The initial and final temperatures determine the flow of probability. The equilibrium distribution at a high temperature has much more probability mass at higher energy states than an equilibrium distribution at a low temperature, so if we start with a high temperature and quench to a low temperature, there will tend to be a flow of probability from high states to low states. The opposite will happen when we quench from a low to a high temperature. We use T = 1 as the low temperature, and T = 10 as the high temperature.
To ensure that each perturbing potential, U(x), actually increase or decrease predictability/retrodictability (depending on whether we add or subtract it from V(x)), we calculate the “Δ%” for retrodiction and prediction: the percent difference in how often we can correctly guess the initial or final state, upon perturbing the system. The performance is obtained similarly to that in Fig. 4 (cf. Methods section). The perturbation potential is normalized to up(x) = U(x)/∥U∥ so that the L2 norm of up(x) is 1, and the strength, λ, with which up is applied is varied so that the total potential is V(x) + λup(x).
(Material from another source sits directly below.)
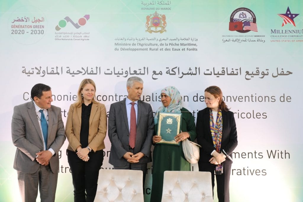 تم اليوم الجمعة بالرباط التوقيع على اتفاقيات دعم 15 مشروعا تم اختيارها في إطار طلب المشاريع المتعلق بدعم المبادرات المقاولاتية الفلاحية، وذلك خلال حفل ترأسه وزير الفلاحة والصيد البحري والتنمية القروية والمياه والغابات، محمد صديقي.ويندرج طلب المشاريع هذا في إطار تنفيذ التدابير المواكبة لعملية التمليك التجريبية للأراضي الجماعية الواقعة داخل دائرتي الري للغرب والحوز، والتي يتم تنزيلها برسم نشاط “العقار القروي” المندرج ضمن برنامج التعاون “الميثاق الثاني”، الموقع بين حكومة المملكة المغربية وحكومة الولايات المتحدة الأمريكية، ممثلة بهيئة تحدي الألفية.ويطمح طلب المشاريع هذا، الذي يتماشى مع أهداف الاستراتيجية الجديدة للتنمية الفلاحية “الجيل الأخضر 2020-2030″، والذي تم إطلاقه تنفيذا لاتفاق الشراكة الموقع في 07 نونبر 2019 بين وكالة حساب تحدي الألفية-المغرب والمكتب الوطني للاستشارة الفلاحية، إلى تشجيع اعتماد مقاربة مبتكرة ودامجة في مجال دعم المبادرات المقاولاتية الفلاحية قصد التمكين الاقتصادي للنساء والشباب الذين يعتمدون في عيشهم على الأرض و/أو لهم صلة بها.ويستهدف طلب المشاريع هذا الجمعيات والتعاونيات الفلاحية، مع إعطاء الأولوية للمنظمات النسائية أو التي تضم من بين أعضائها الشباب الذين تتراوح أعمارهم بين 15 و45 سنة.وأكد صديقي، في كلمة بالمناسبة، أن تمليك الأراضي الجماعية يشكل رافعة للاستجابة للعديد من الاكراهات التي يواجهها القطاع الفلاحي فيما يتعلق بتثمين العقار. وأضاف أن تمليك الأراضي الجماعية يندرج في جعل أراضي الجماعات السلالية رافعة للتنمية الاقتصادية والاجتماعية بالعالم القروي بشكل عام، وإلى تفعيل عملية تمليك الأراضي الجماعية الواقعة داخل دوائر الري، بشكل مجاني، لفائدة ذوي الحقوق، بشكل خاص.من جهته ، أشار المدير العام للمكتب الوطني للاستشارة الفلاحية ، جواد باحجي، إلى أن هذه المشاريع الخمسة عشر كانت ثمرة عملية اختيار دقيقة على مستوى أربع أقاليم، مضيفا أنه ووعيا منه بأهمية هذه المشاريع سيعمل المكتب الوطني للاستشارة الفلاحية بشكل وثيق على المواكبة في مرحلة قبلية وبعدية قصد تعزيز قدرات حاملي المشاريع والمساهمة في إنجاح هذه الشراكة.من جهتها، أشارت المديرة المقيمة لهيئة تحدي الألفية الأمريكية بالمغرب، كيري مونهان، في تصريح للصحافة، إلى أن الأمر يتعلق بخطوة هامة للغاية في إطار التعاون مع الحكومة المغربية.وقالت إن ساكنة المناطق القروية، الذين يتوفرون على امكانات ومهارات، يمكن أن يشكلوا رافعة للاقتصاد المغربي.بدورها، أبرزت المديرة العامة لوكالة حساب تحدي الألفية-المغرب، مليكة العسري، أن من شأن هذه المشاريع دعم الشباب والنساء الذين يعيشون في هذه الأراضي والذين ، من خلال هذه المشاريع ، سيتمكنون من تعزيز معارفهم.وقالت العسري إن من شأن أيضا هذه المشاريع إحداث 27.000 يوم عمل سنويا وتحسين مردودية ودخل الفلاحين المعنيين.وتغطي هذه المشاريع، التي تبلغ ميزانيتها الإجمالية 20,5 مليون درهم والمدعومة في حدود 76 في المئة بفضل مساهمة برنامج التعاون “الميثاق الثاني” (15,6 مليون درهم)، أقاليم القنيطرة (4 مشاريع)، وسيدي سليمان وسيدي قاسم (3 مشاريع لكل منهما)، وقلعة السراغنة (5 مشاريع).وتشمل هذه المشاريع، مجالات مختلفة، من قبيل الخدمات، وزراعة الزيتون، وتثمين الحليب، والفلاحة البيئة، والفلاحة السياحية، وتربية الحلزون، وزراعة أشجار الأفوكا والخضروات، وتسويق البقوليات والنباتات الطبية والعطرية..وقد تم اختيار المشاريع الخمسة عشر التي تشرف عليها تعاونيات، بعد استكمال مسار دقيق للتقييم والمواكبة القبلية. وستستفيد التعاونيات المعنية من الدعم التقني والمالي بهدف تحسين أنظمتها الإنتاجية، وتطوير وتعزيز أنشطتها الاقتصادية ذات الصلة بالقطاع الفلاح تصفّح المقالاتاحتلال المقاهي للملك العمومي في آسفي على مكتب وزير الداخلية بنجرير..النيابة العامة تُودع خمسة عمّال

Figure 5 shows some extremizing potentials for a system that was at one temperature, and is then suddenly quenched to a different temperature. Figure 5a shows optimal potentials for a system quenched from a high temperature to a low temperature while optimizing 〈SR〉 for t = 1, 3, and 5 time steps. Figure 5b, c shows the change in inference success as the potential is applied at varying strengths, λ. Figure 5d–f shows the same quantities (extremizing potential and change in inference) for a system at a low temperature quenched to a high temperature, while optimizing 〈SR〉. This potential is also optimal for 〈ST〉. Finally, Fig. 5g–i shows a high temperature system quenched to a low temperature while optimizing 〈ST〉.
To quantify how significantly the perturbations change the quantum system, we keep track of the L1 difference in eigenvalue spacing, i.e., \({\cal{S}} \equiv \mathop {\sum}\limits_{k = 1}^{30} {|E_k^\prime - E_{k - 1}^\prime - \hbar \omega |}\). The largest values \({\cal{S}}\) achieves for any potential and applied strength shown in Fig. 5 is ~1.2. In other words, we can get few percent change in success rate by introducing a change to all energy levels that amounts to one level spacing. Note that this is a single step perturbation along a single direction, rather than an iterated one.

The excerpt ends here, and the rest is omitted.